2.5. Yield, CMC, Ionic Charge and Preliminary Chemical Composition of Biosurfactant

The results obtained showed a higher yield of 4.0 g·L−1 of isolated biosurfactant produced by C. echinulata. These results show that the Mucoralean fungus C. echinulata is an excellent tensioactive/bioemulsifier producer, when compared with fungi mentioned as producing biosurfactant from renewable sources such as glycerol, oleic acid and other wastes [1,3,52].

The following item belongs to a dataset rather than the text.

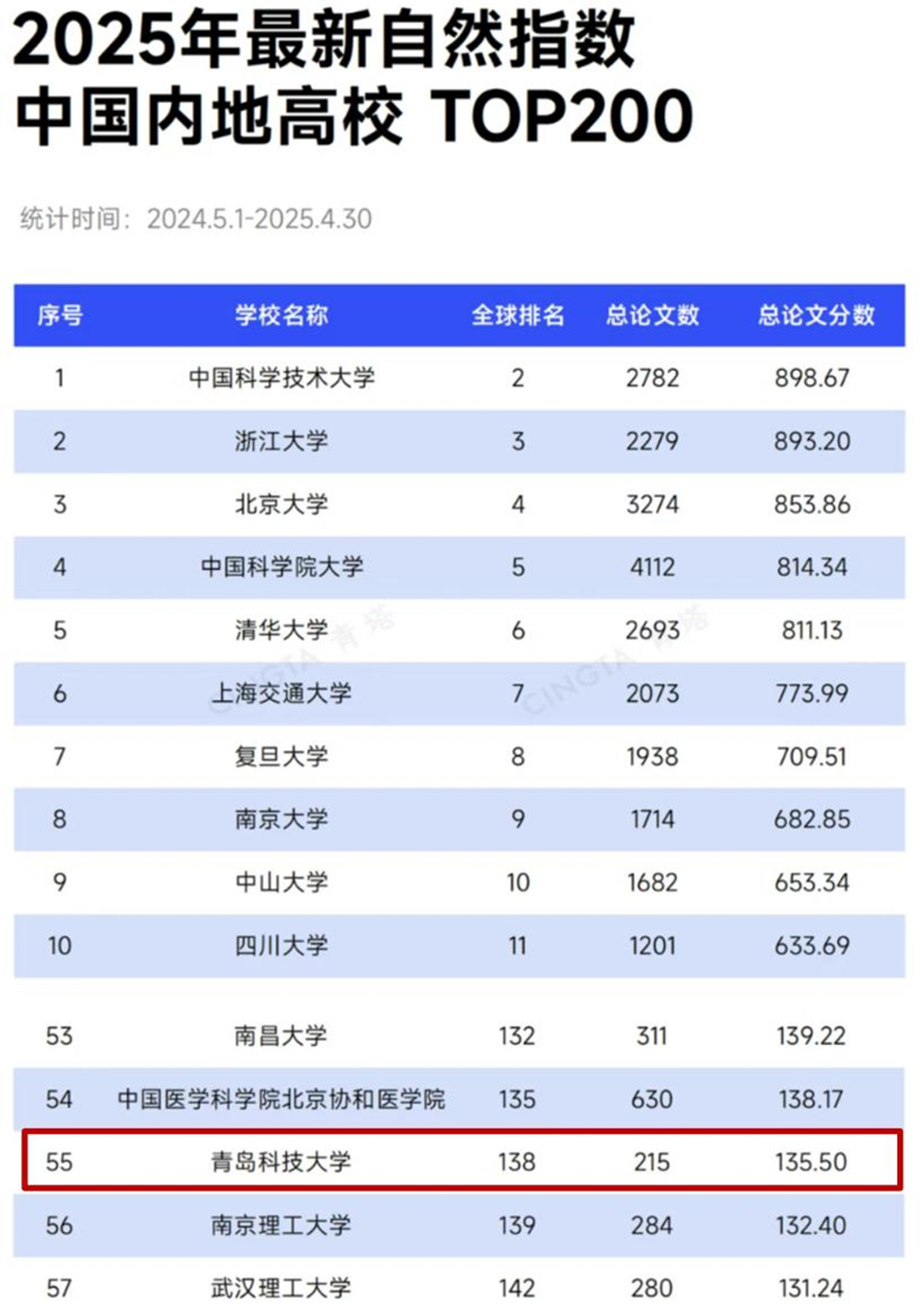 日前,自然指数官网更新了最新的自然指数排名(统计时间节点为2024.5.1-2025.4.30)。统计结果显示,中国内地共58所高校进入全球学术排名前150位,3044am永利集团3044noc以发文总量215篇、总论文分数135.50的优异表现,居全球高校排名第138位,内地高校排名第55位;全球高校排名和内地高校排名分别比上期(统计时间节点为2024.4.1-2025.3.31)提升3个名次和5个名次。

The chemical characterization of the isolate molecule of the biosurfactant showed the presence of lipids (40%), carbohydrates (35.2%) and proteins (20.3%). The biosurfactant showed an anionic profile by Zeta meter with −64.9 ZPmv, 4.13 μS/cm at 26.4 °C, full scale. The zeta potential determines the function of the surface charge of the particle that serves to predict and control the stability of colloidal suspensions and emulsions, and confirmed the higher values obtained, indicating good stability by repulsion between hydrophilic particles, as per the literature [45,47,53].
The critical micelle concentration (CMC) is the minimum biosurfactant concentration needed to reduce the surface tension to the maximum extent. The biosurfactant from C. echinulata showed a great capacity for reducing surface tension since the water surface tension was reduced from 70 to 36 mN/m when the CMC was increased to 20 g/L (Figure 6). Above this point, increasing the biosurfactant concentration did not lead to further reductions in water surface tension, thus indicating that the CMC had been reached. The results obtained show that the biosurfactant produced by C. echinulata possesses an increased capacity to reduce tension as compared to the biosurfactants produced by yeasts [2,8,9,10,11].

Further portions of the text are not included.